Learning Dirac Spectral Transforms for Topological Signals

TL;DR

This paper introduces a novel spectral transform based on the Dirac operator for topological signals, demonstrating improved performance in capturing cross-domain interactions and optimizing the distortion-sparsity tradeoff.

Contribution

It proposes a parameterized Dirac spectral transform with learnable mode-specific parameters, outperforming traditional methods in topological signal processing.

Findings

Overcomplete basis improves performance over single approaches.

Learning mode-specific parameters enhances distortion-sparsity tradeoff.
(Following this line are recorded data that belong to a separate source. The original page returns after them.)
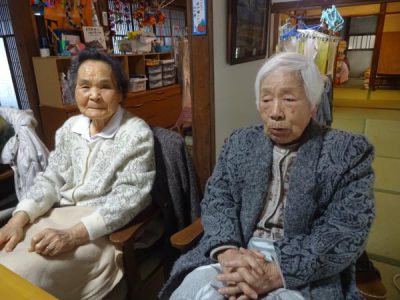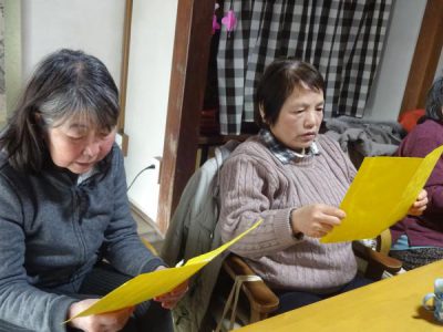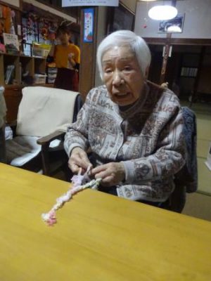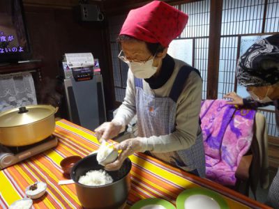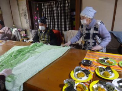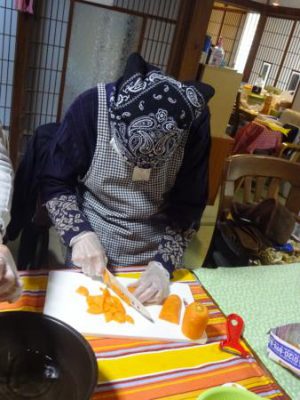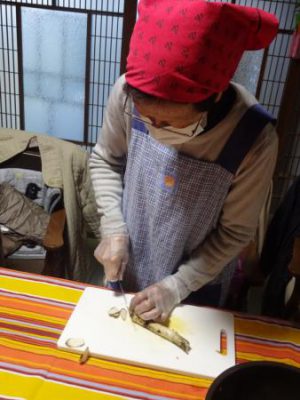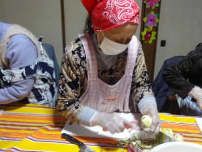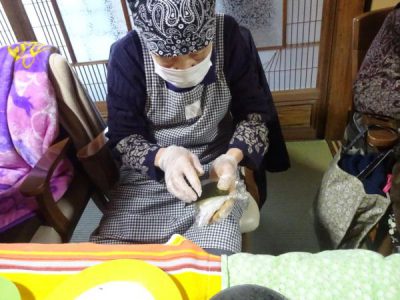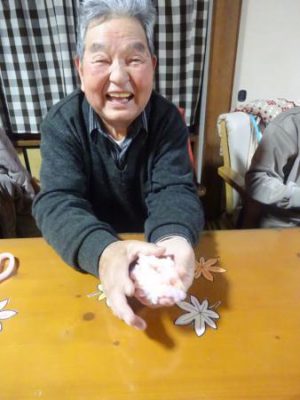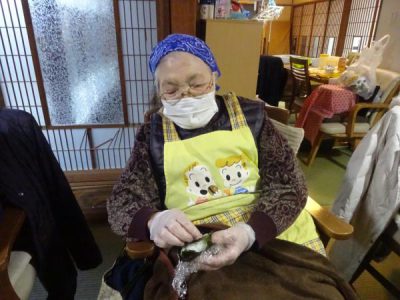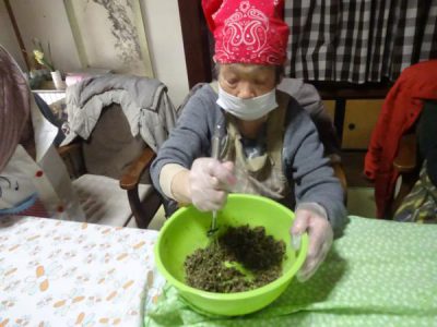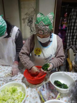 茹でたほうれん草を 父がギュッギュッと絞ります
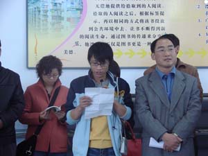 然后学生代表讲话,他表示要好好珍惜图书,养成良好的阅读习惯。
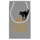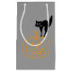 Orange pumpkin jack-o-lantern and a startled black cat standing on top. Grey background.
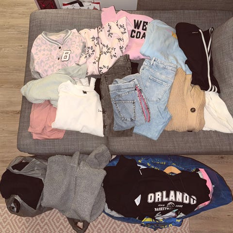 Vaatteet on käytettyjä. Toisia enempi. Varmasti löytyy pesu/käyttönyppyä. Menee hyvin vielä käytössä perusvaatteina. Merkkeinä perus h&m,veromoda,fbsister ym

Dirac-based transform captures cross-domain interactions effectively.

Abstract

The Dirac operator provides a unified framework for processing signals defined over different order topological domains, such as node and edge signals. Its eigenmodes define a spectral representation that inherently captures cross-domain interactions, in contrast to conventional Hodge-Laplacian eigenmodes that operate within a single topological dimension. In this paper, we compare the two alternatives in terms of the distortion/sparsity trade-off and we show how an overcomplete basis built concatenating the two dictionaries can provide better performance with respect to each approach. Then, we propose a parameterized nonredundant transform whose eigenmodes incorporate a mode-specific mass parameter that captures the interplay between node and edge modes. Interestingly, we show that learning the mass parameters from data makes the proposed transform able to achieve the best distortion-sparsity tradeoff with respect to both complete and overcomplete bases.